Work task: Pictures appear among the records below and must be omitted. Repeat exactly the lines from the line with "Forrest plots displaying" to the line with "Фляга Mil-Tec 900ML", both included.

Supplied data:
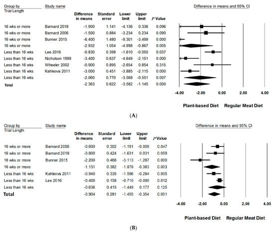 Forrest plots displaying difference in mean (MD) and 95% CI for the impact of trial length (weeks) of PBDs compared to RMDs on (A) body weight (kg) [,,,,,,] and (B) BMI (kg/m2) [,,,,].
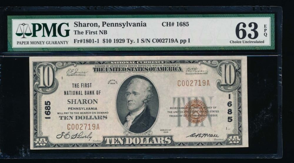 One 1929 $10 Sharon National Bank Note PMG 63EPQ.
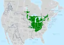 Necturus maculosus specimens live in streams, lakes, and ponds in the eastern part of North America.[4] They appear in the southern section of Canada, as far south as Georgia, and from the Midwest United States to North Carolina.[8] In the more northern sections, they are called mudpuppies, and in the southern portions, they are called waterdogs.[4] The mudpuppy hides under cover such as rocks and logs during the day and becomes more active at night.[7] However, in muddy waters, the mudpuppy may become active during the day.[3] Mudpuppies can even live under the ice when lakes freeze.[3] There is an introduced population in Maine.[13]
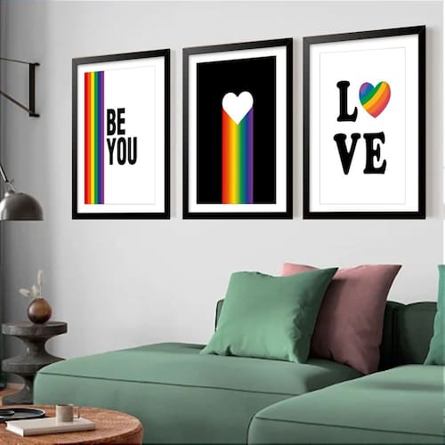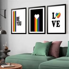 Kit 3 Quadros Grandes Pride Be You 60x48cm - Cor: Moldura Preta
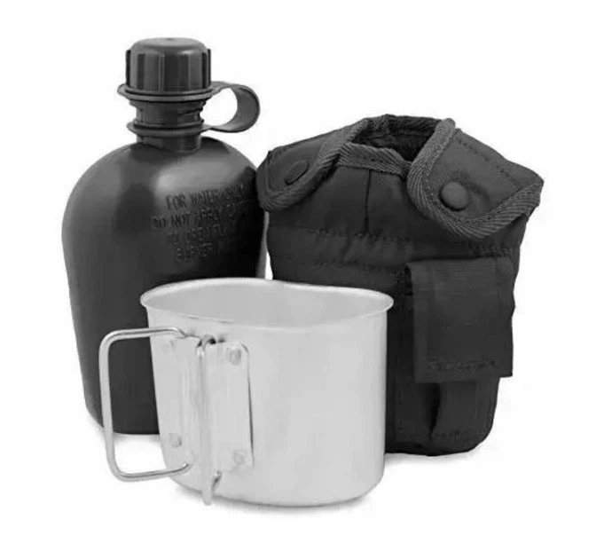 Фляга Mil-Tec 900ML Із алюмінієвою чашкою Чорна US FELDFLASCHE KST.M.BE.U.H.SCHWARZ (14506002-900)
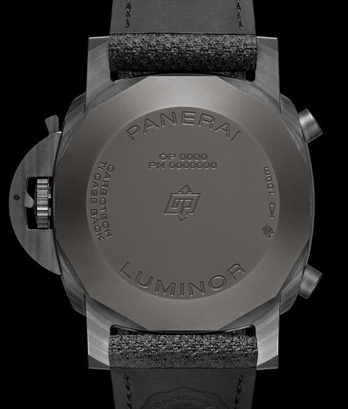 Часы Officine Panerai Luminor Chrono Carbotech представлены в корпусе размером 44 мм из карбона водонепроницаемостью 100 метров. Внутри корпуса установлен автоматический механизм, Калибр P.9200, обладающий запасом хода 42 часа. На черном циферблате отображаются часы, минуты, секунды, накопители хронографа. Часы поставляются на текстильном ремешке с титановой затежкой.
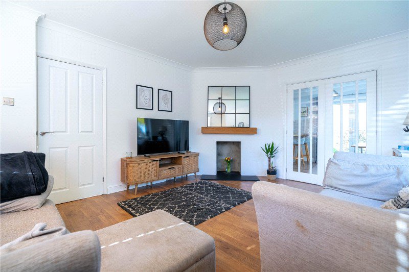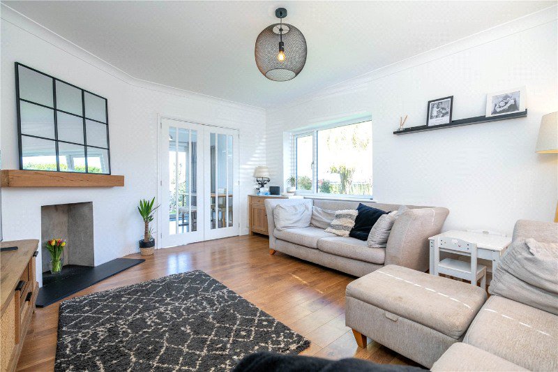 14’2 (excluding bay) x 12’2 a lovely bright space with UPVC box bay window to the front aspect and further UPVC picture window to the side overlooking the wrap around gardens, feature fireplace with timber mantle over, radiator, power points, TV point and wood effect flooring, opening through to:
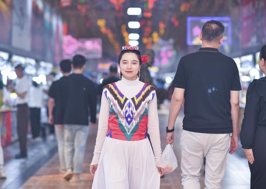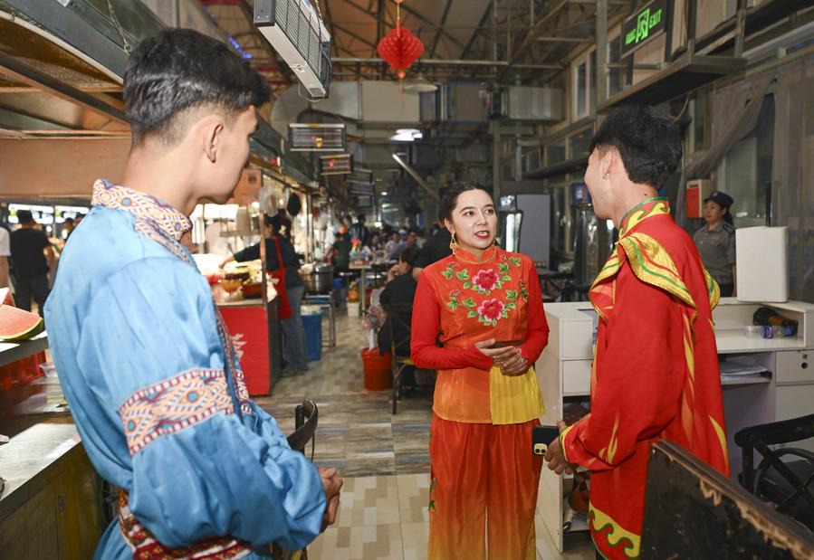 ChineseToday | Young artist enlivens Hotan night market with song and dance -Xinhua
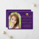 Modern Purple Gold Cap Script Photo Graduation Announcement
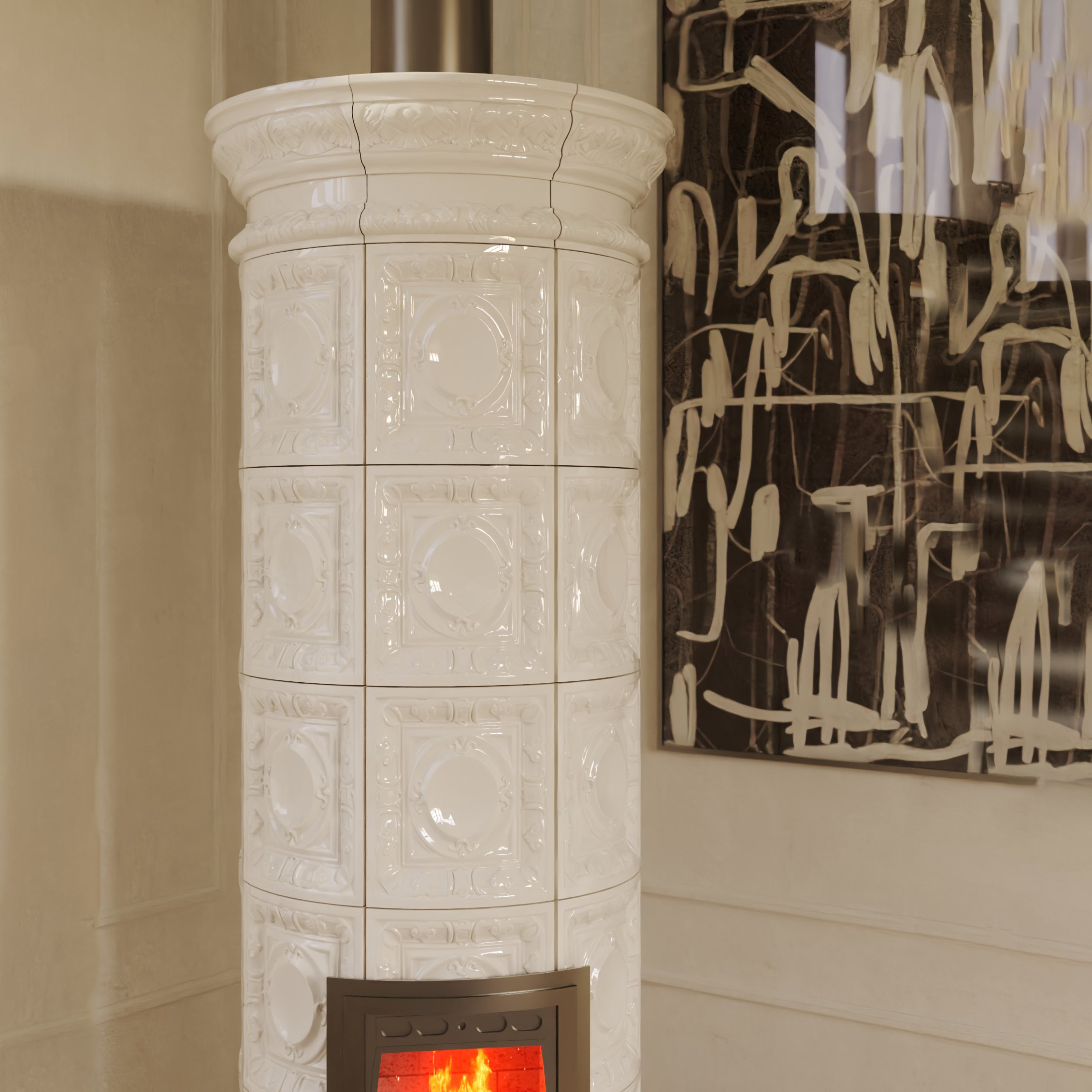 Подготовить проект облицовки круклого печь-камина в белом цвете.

* * *

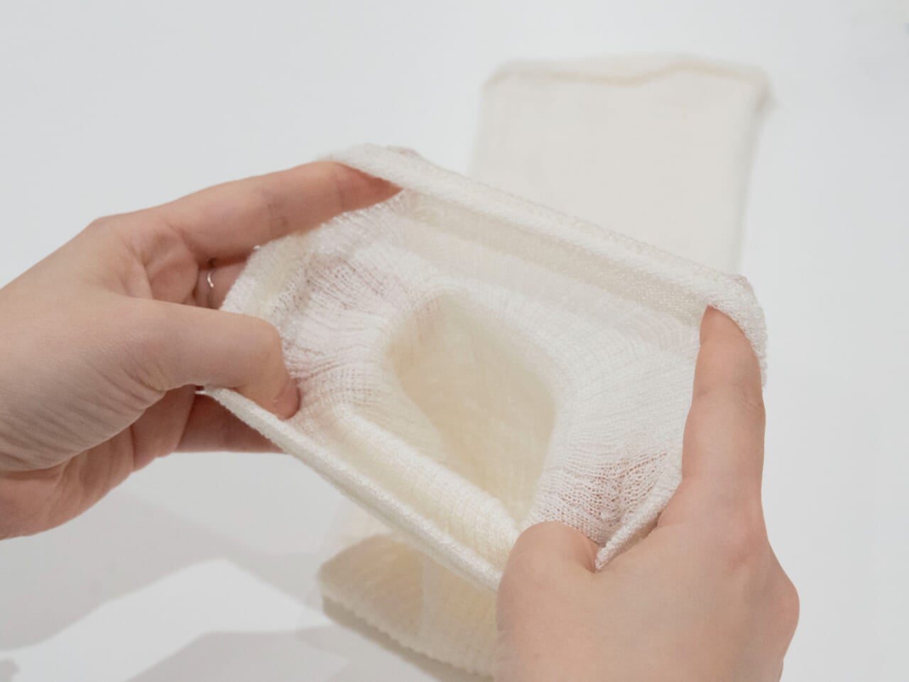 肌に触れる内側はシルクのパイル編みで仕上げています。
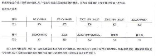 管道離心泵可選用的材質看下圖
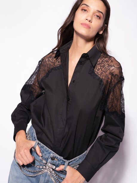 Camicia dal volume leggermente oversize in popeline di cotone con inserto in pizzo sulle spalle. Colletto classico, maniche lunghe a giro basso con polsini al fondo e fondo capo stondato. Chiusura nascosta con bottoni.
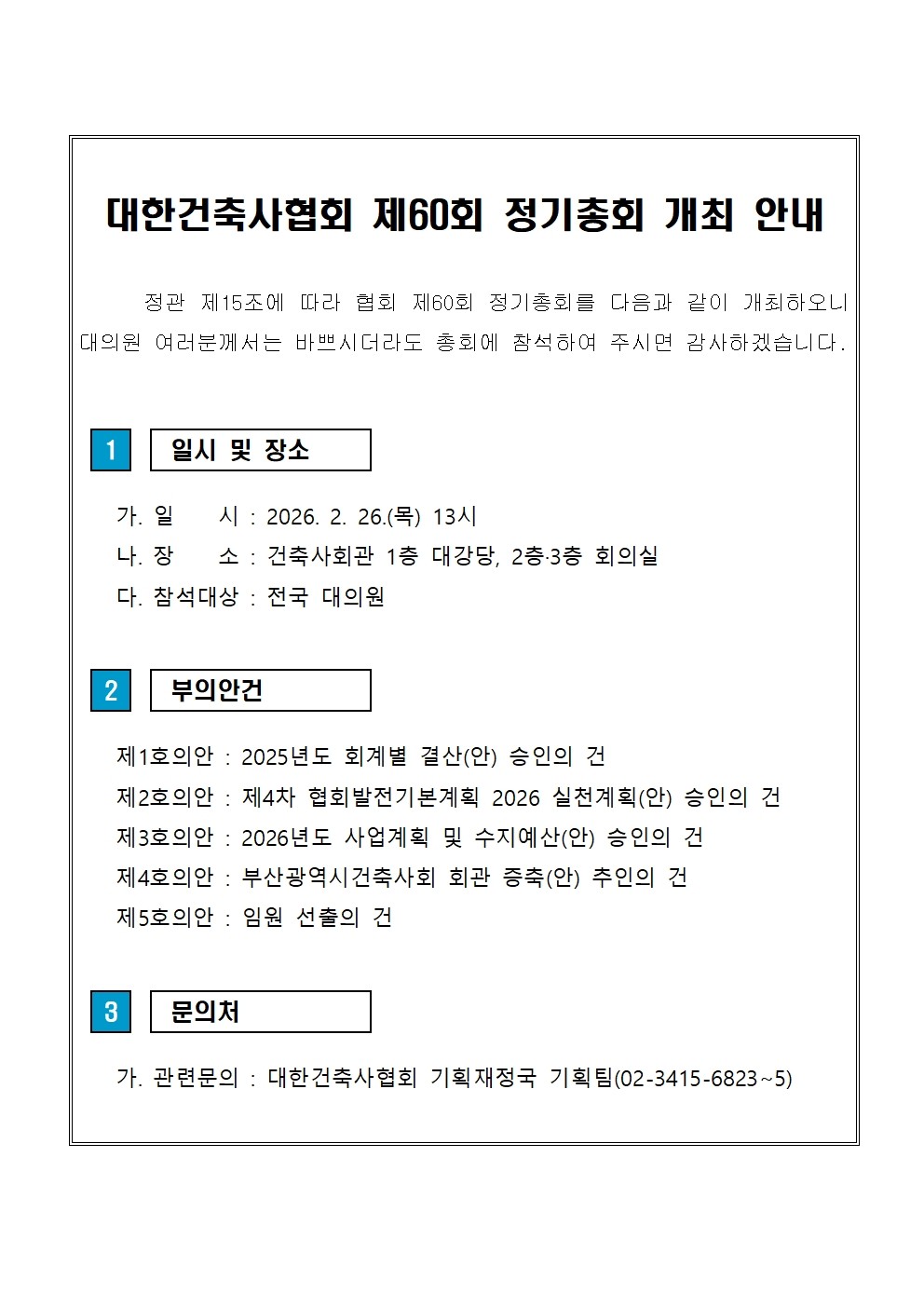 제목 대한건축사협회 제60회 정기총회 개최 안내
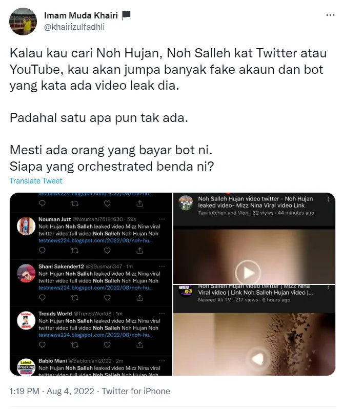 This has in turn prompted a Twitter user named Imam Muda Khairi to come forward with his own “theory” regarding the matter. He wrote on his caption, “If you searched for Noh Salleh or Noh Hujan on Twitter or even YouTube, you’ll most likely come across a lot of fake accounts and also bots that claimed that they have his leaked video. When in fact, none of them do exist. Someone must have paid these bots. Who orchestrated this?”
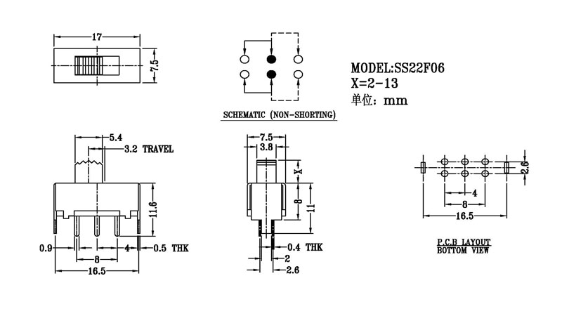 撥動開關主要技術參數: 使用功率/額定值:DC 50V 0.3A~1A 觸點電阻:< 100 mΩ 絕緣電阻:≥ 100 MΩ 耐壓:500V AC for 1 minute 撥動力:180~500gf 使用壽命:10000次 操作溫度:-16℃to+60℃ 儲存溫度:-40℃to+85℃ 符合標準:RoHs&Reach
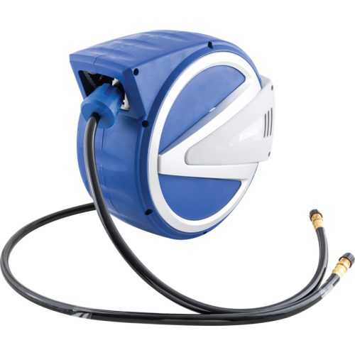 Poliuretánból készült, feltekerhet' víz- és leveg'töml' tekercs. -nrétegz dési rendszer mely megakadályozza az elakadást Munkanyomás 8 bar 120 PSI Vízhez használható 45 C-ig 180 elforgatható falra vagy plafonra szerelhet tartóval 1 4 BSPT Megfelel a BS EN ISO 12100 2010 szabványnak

* * *

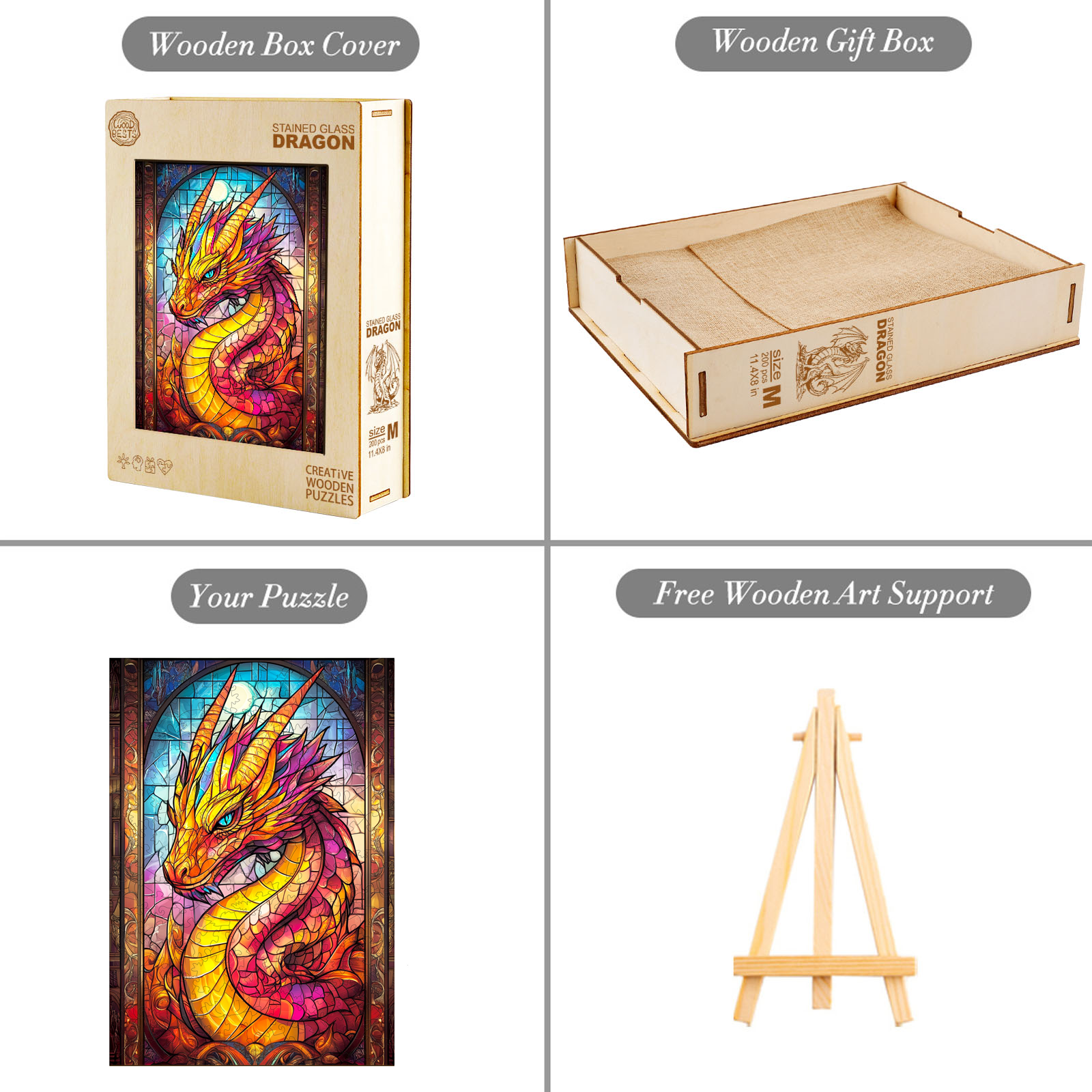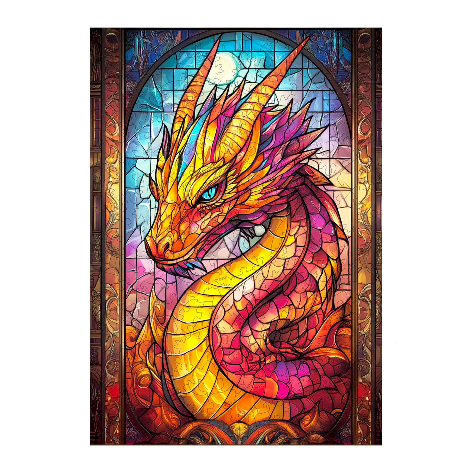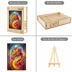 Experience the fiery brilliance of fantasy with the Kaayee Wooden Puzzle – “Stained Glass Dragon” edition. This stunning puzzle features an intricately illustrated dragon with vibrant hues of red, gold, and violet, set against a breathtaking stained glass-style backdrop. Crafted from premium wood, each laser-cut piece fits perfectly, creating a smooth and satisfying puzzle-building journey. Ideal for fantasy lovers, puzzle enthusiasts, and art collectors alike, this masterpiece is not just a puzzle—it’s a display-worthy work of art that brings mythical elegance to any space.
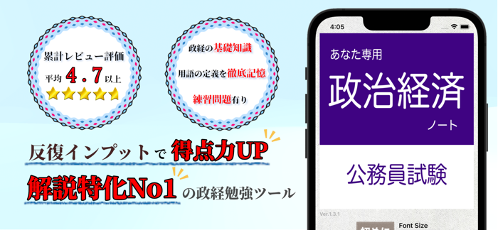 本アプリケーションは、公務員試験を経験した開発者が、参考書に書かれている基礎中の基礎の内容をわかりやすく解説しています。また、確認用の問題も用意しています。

Your solution:
 Forrest plots displaying difference in mean (MD) and 95% CI for the impact of trial length (weeks) of PBDs compared to RMDs on (A) body weight (kg) [,,,,,,] and (B) BMI (kg/m2) [,,,,].
 One 1929 $10 Sharon National Bank Note PMG 63EPQ.
 Necturus maculosus specimens live in streams, lakes, and ponds in the eastern part of North America.[4] They appear in the southern section of Canada, as far south as Georgia, and from the Midwest United States to North Carolina.[8] In the more northern sections, they are called mudpuppies, and in the southern portions, they are called waterdogs.[4] The mudpuppy hides under cover such as rocks and logs during the day and becomes more active at night.[7] However, in muddy waters, the mudpuppy may become active during the day.[3] Mudpuppies can even live under the ice when lakes freeze.[3] There is an introduced population in Maine.[13]
 Kit 3 Quadros Grandes Pride Be You 60x48cm - Cor: Moldura Preta
 Фляга Mil-Tec 900ML Із алюмінієвою чашкою Чорна US FELDFLASCHE KST.M.BE.U.H.SCHWARZ (14506002-900)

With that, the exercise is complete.